Non si può più pretendere di stare distanti e nella nostra corsia di camminata, algida e con lo sguardo che oltrepassa le cose e le persone andando dove si deve andare, come noi siamo abituati nelle città in corsa, nell’Occidente senza macchia, senza avere mai intralci nei nostri programmi di vita. Qui in India si cammina gomito a gomito, si respira vicini, spesso addosso l’uno sull’altro, si è anche molto spesso scalzi, con i piedi degli altri sporchi e vicini al tuo piede, sul suolo che non è pulito nemmeno lui, qui si è dentro il teatro, come su un enorme palcoscenico danzante, non si è nel pubblico un po’ assonnato a guardare la vita che ci passa davanti.

 

Ora no, sono immersa nel fiume in piena e il mio obbiettivo individuale dovrà per forza essere trasformato da quello che mi sta intorno, dal resto del collettivo in cui sono immersa, a cui non posso più non prestare attenzione.

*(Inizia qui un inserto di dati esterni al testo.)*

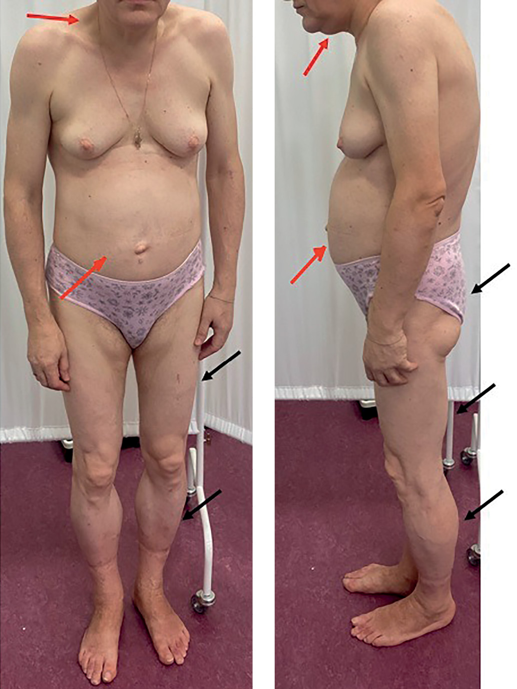 Рисунок 1. Фенотип пациентки К. Красной стрелкой обозначены зоны липогипертрофии; черной — зоны липодистрофии (впервые опубликовано Соркина Е.Л. и соавт.) [8].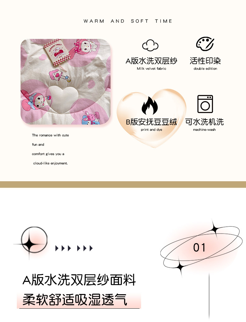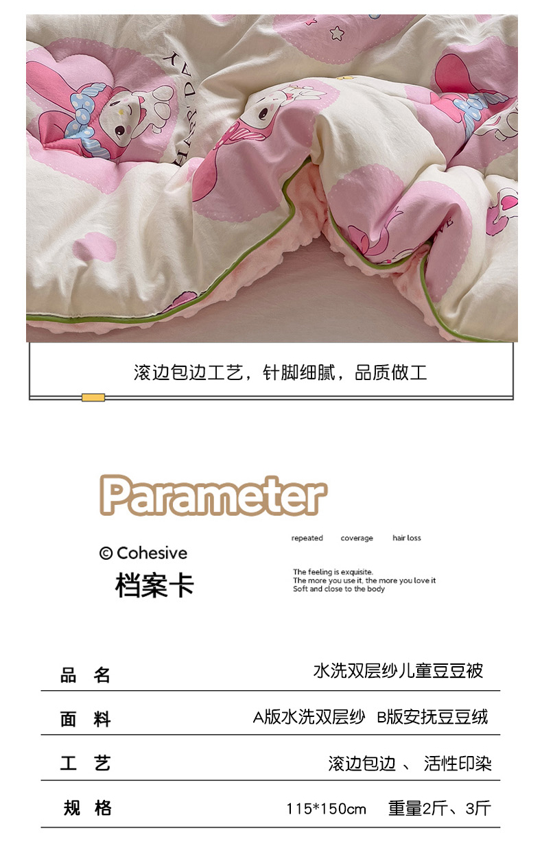 (总)沁童儿童用品店 2024新款水洗双层纱儿童豆豆被被子被芯
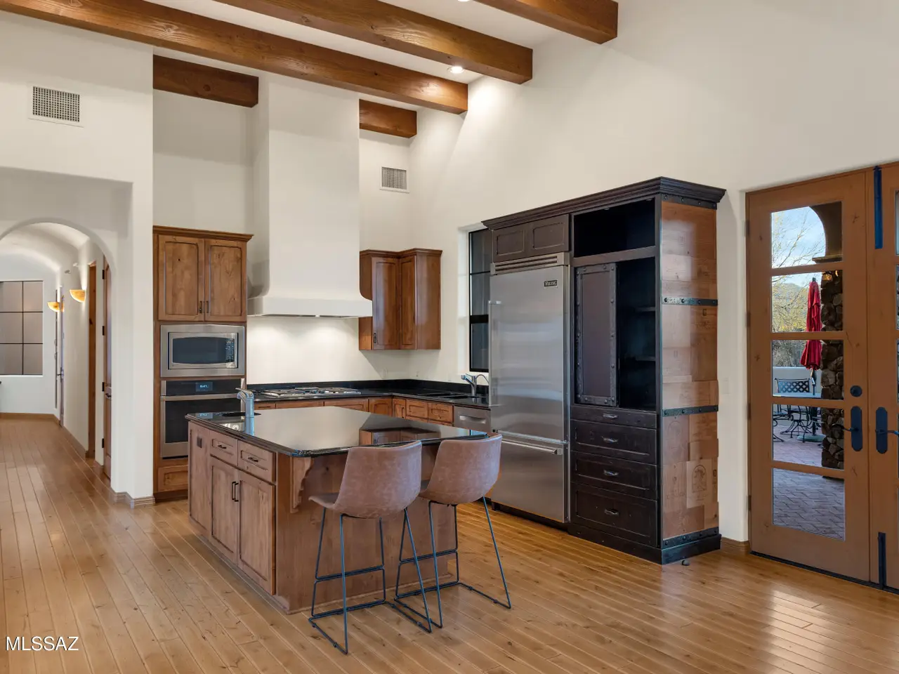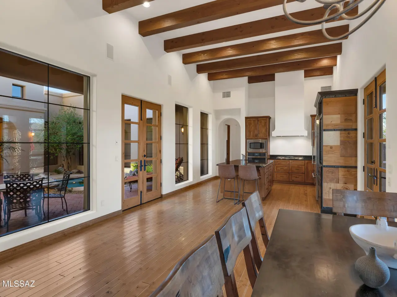 Enduring Mediterranean influence by RB Construction, SOLID masonry construction for unmatched durability and timeless architecture. 4,484 sq ft of grand scale living space, this home presents a unique tranquil interior courtyard complete with a soothing spa and expansive paneled windows that frame the space beautifully. Adding to its appeal, the property is situated adjacent to 26 acres of pristine conservation easement, ensuring a serene natural backdrop and enhanced privacy.Upon entering, you're greeted by a striking wood-beamed foyer that seamlessly transitions into a sophisticated kitchen featuring black granite countertops, a prep sink, large island with a built-in dining area overlooking the patio.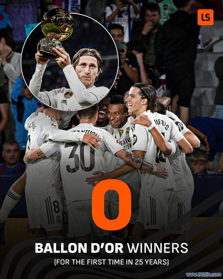 10月3日讯 数据显示,自2000年以来, 超级体育风云皇马队内首次没有金球奖先生。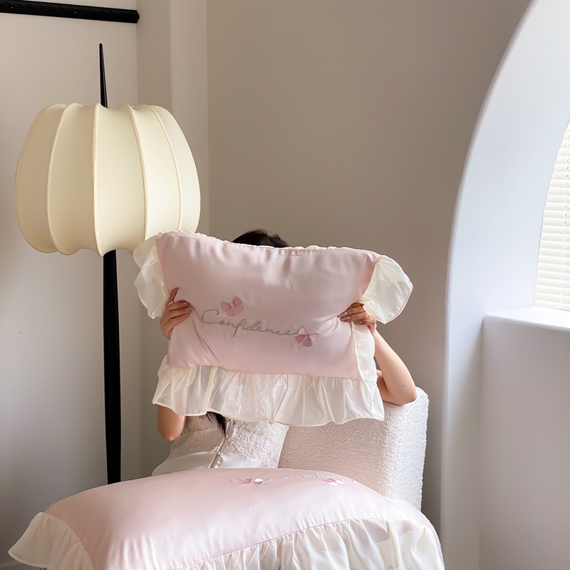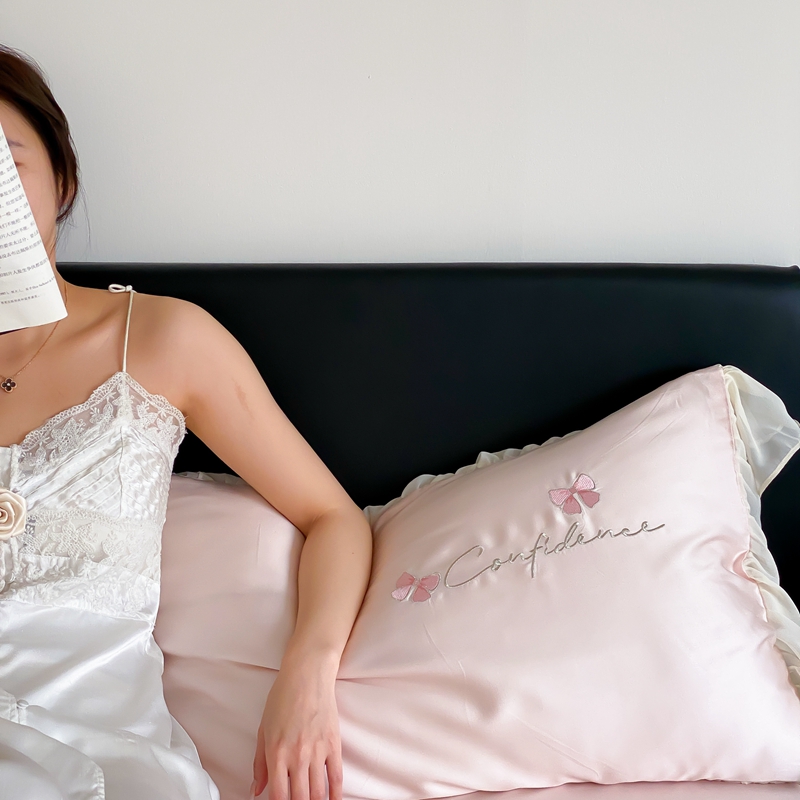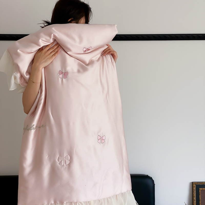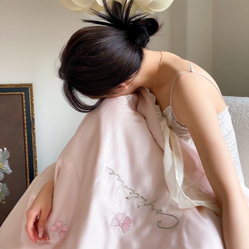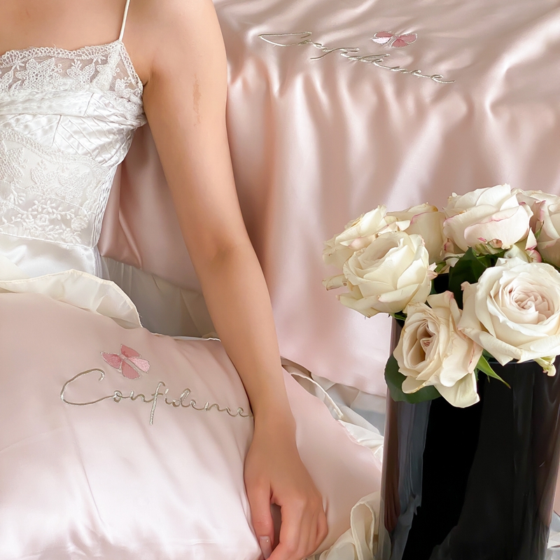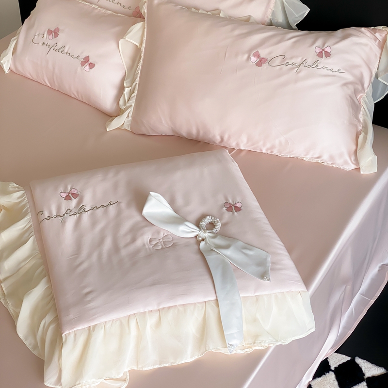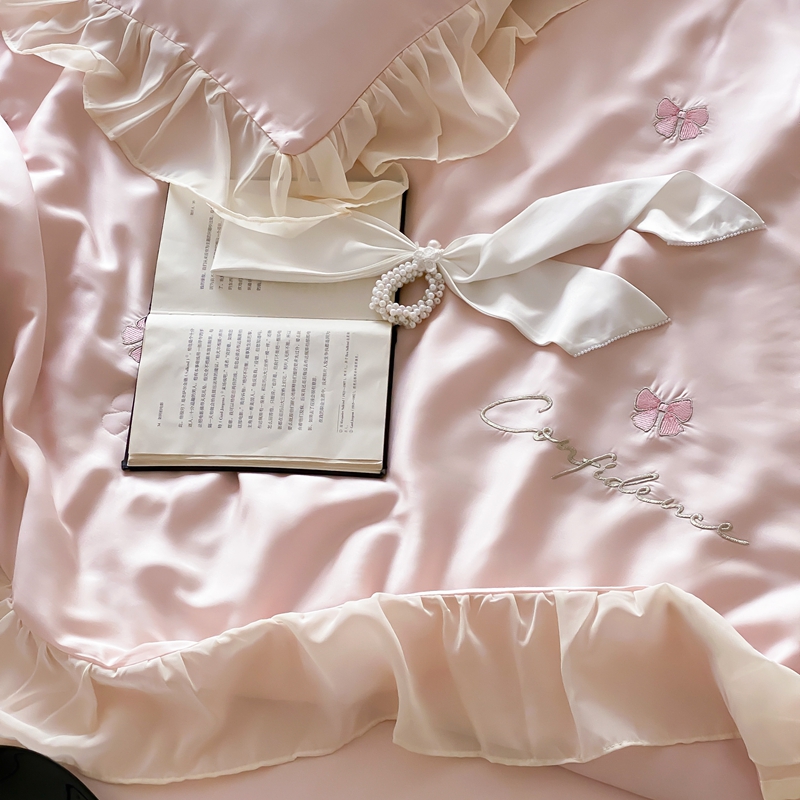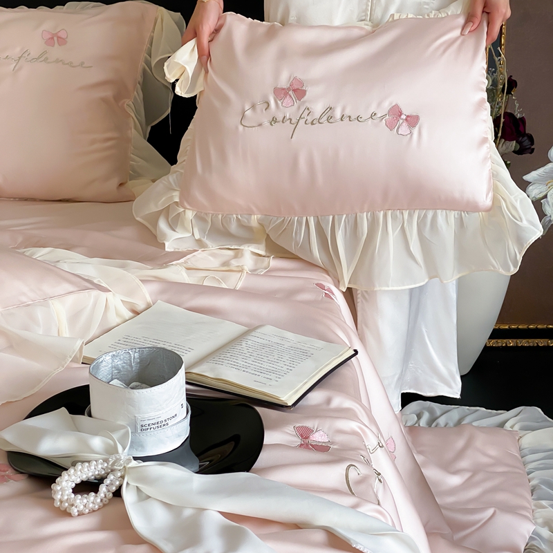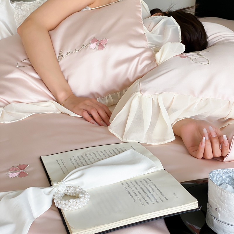 商品名称:曼布缇 2025新款100S兰精天丝蚕丝棉夏被四件套-艾丽莎 艾丽莎-甜杏粉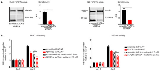 Seminal works have highlighted the crucial role of heme metabolism in pancreatic cancer and lung cancer [21,22,23]. Moreover, metformin applicability to counteract pancreatic and lung cancer has already been proposed [24,25,26,27]. In order to verify whether the sensitizing effect of the inhibited heme synthesis-export system to metformin is restricted to CRC cells or can be extended to other kinds of tumor cells, we moved to the analyses of pancreatic cancer (PANC) and lung cancer (H23) cell lines. Upon FLVCR1a silencing (Figure 3A and Figure S2D,E), we detected decreased cell growth (Figure 3B). In addition, we observed increased sensitivity to metformin (Figure 3B), confirming the data obtained in CRC cell lines.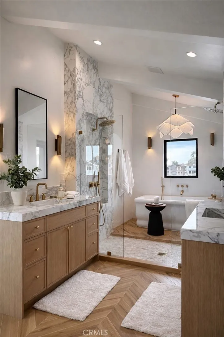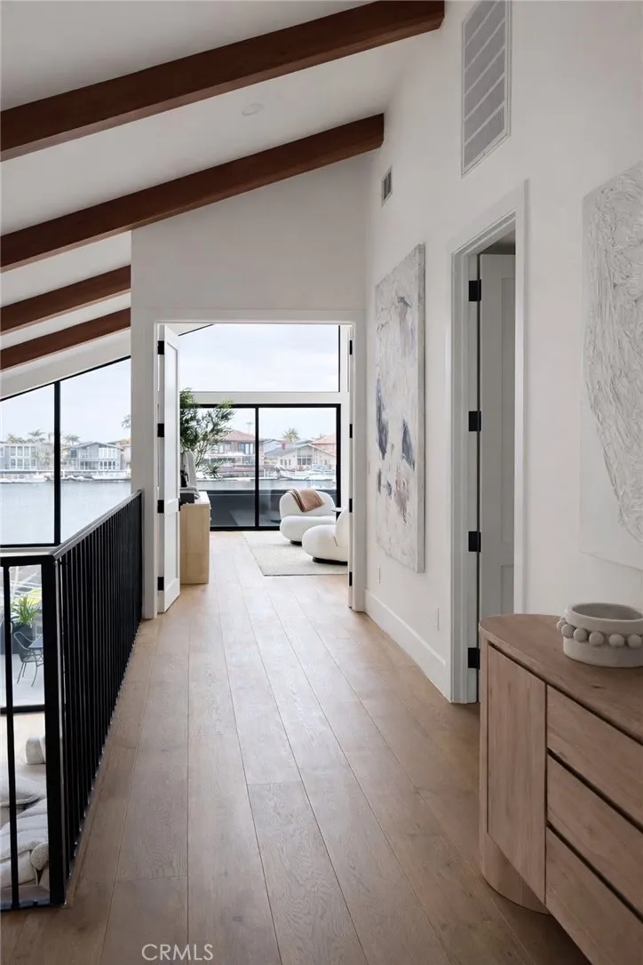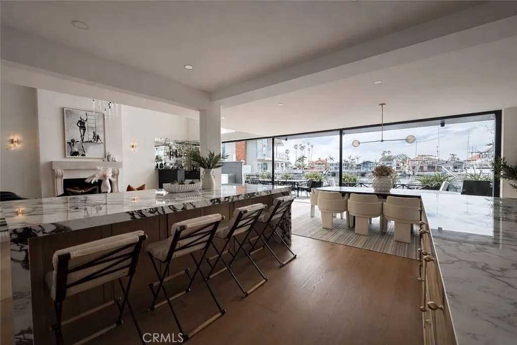 A rare opportunity to own a fully reimagined waterfront residence in Huntington Harbour that has been taken down to the studs and rebuilt with curated designer finishes throughoutcomplete with a complete with a 50 private dock. This home showcases a level of craftsmanship and design rarely found in the harbour, delivering a bespoke, estate-quality living experience. A privately gated entry welcomes you through a charming courtyard and Dutch front door into a light-filled residence defined by soaring vaulted ceilings, exposed beams, and walls of glass framing tranquil water views. The entire waterfront-facing wall is composed of expansive pocket sliding doors that disappear completely, creating a seamless indoor-outdoor environment ideal for elevated entertaining and effortless coastal living. This 5-bedroom, 4.5-bath home is thoughtfully designed for both luxury and flexibility, featuring a main-level ensuite bedroom with its own private entranceideal for guests, extended family, or office usealong with a 3-car garage and laundry rooms on both levels for ultimate convenience. The chefs kitchen is a true centerpiece, equipped with a Viking range, 60 Sub-Zero refrigerator, dual waterfall-edge Viola marble islands, and two fully outfitted pantries. Designer details continue throughout with a temperature-controlled wine display wall and a sophisticated bar finished with vintage mirrored panels and brass accents. Upstairs, the primary suite offers a private waterfront balcony and a spa-inspired bath with dual walk-in showers and an oversized freestanding soaking tub positioned b

Non sei più da solo con il tuo orticello da seminare e la tua staccionata che ti separa dal resto fuori. Sei parte di qualcosa di più grande che è tutto il genere umano e prima o poi devi farci i conti, senza tapparti gli occhi e il naso e quando poi la tua camminata prosegue a piedi scalzi, davvero inizi ad affidarti alla terra.

Madre terra che senti per la prima volta come sostegno sotto i piedi.

 

Prima lo sapevo a livello teorico, ora la sento tutta intera che mi pervade dal dito alluce alla punta dei capelli…. E davvero è lì cheè iniziata la magia, perché è solo in quell’istante che sono atterrata in India con tutto il mio corpo. Noi, con tutte quelle scarpe, armature e confini a proteggerci l’anima e la pelle…. quando il respiro degli occhi delle persone che ti vengono addosso entra come laser e si fonde con il tuo respiro, ti chiedi, come hai fatto tutto per questo tempo, a rimanere così distante e protetta dal tuo scudo di sicurezze. Dalla cinta di paletti che hai disseminato per non essere scossa dal tuo torpore.

 

E’ tutta una questione di ritmo; ho guardato le mucche e e l’ho capito.

 

Sono riuscita a comprendere che come una mucca può allattare il suo piccolo nel mezzo di un incrocio stradale e non farsi spostare di un centimetro da tutto quello che le ruota intorno, anch’io posso modulare il mio tempo da dentro. Il respiro mi ha condotto per mano dentro la mia camminata lenta nella città in corsa, ho di nuovo compreso e in un altro modo ancora, il perché gli indiani da secoli e secoli sanno meditare, ascoltando il mio respiro per la prima volta fino dentro la pancia, ho potuto ancorarmi ad una pace che nessuna cosa fuori avrebbe potuto portarmi via.

 

Ho spalancato gli occhi e tutti i colori dell’India hanno potuto venirmi incontro in un abbraccio grande come la volta del cielo e non più in una spaventosa minaccia.